Current dental literature describes several indices and methods for measuring plaque, both quantitatively and qualitatively. The indices used to measure the accumulation of dental plaque, are usually based on subjective estimations of the plaque-covered areas of the tooth surface.12-14 However, these indices on an ordinal scale are visual determinations resulting in data of less sensitivity.15-17 Photogrammetric techniques giving measurements in an interval scale have therefore been used to obtain more accurate measurements of the plaque area.18-20  The results of the experimental part of the study disclosed a significant reduction in plaque after use of either toothbrush or miswak. The miswak was as effective as the conventional toothbrush in reducing plaque in all time periods, i.e., after 30, 60 and 120 seconds of cleaning. The clinical part also confirmed the experimental finding that brush method was equally effective. This agreed with  earlier reports that compared chewing sticks with toothbrushes in children and adults.21, 22 In contrast, others found that chewing sticks were effective in reducing plaque and gingival inflammation.

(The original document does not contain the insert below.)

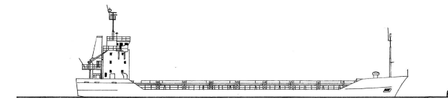
„ Maja-M “ (M 1 : 1.250)
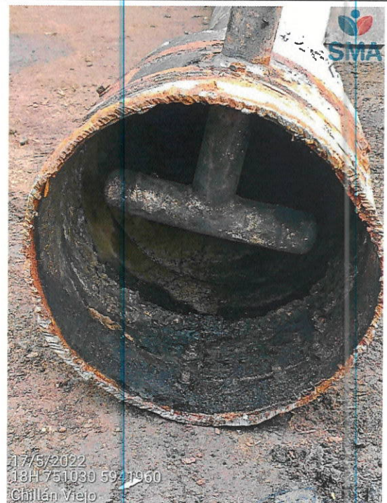
Trabajos de ensamblaje

When properly used, miswak had been reported to be as effective as tooth brushing.2,8,23-25  Various explanations for the cleansing efficacy of the miswak have been offered, including the mechanical effects of its fibers, the release of beneficial chemicals or a combination of both.26 Miswak was generally used for longer periods than the toothbrush.27 The frequency and duration of miswak use may additionally explain its efficacy. The experimental design was developed to minimize the effects of other variables which could affect plaque control, including type of toothbrush and/or chewing stick (miswak), frequency of toothbrushing and/or miswak, technique of toothbrushing and/or miswak, and use of other oral hygiene aids. The experimental trial condition was standardized by instructing all subjects on how to use the identical conventional toothbrushes and chewing sticks under direct supervision. Furthermore, all participants were issued with identical conventional toothbrushes and fresh chewing sticks of fairly uniform length and width obtained from Saudi Arabia and kept frozen for this purpose. The validity of the results is related to the applied methodology. The study design differentiated between the effects of each method in a controlled way.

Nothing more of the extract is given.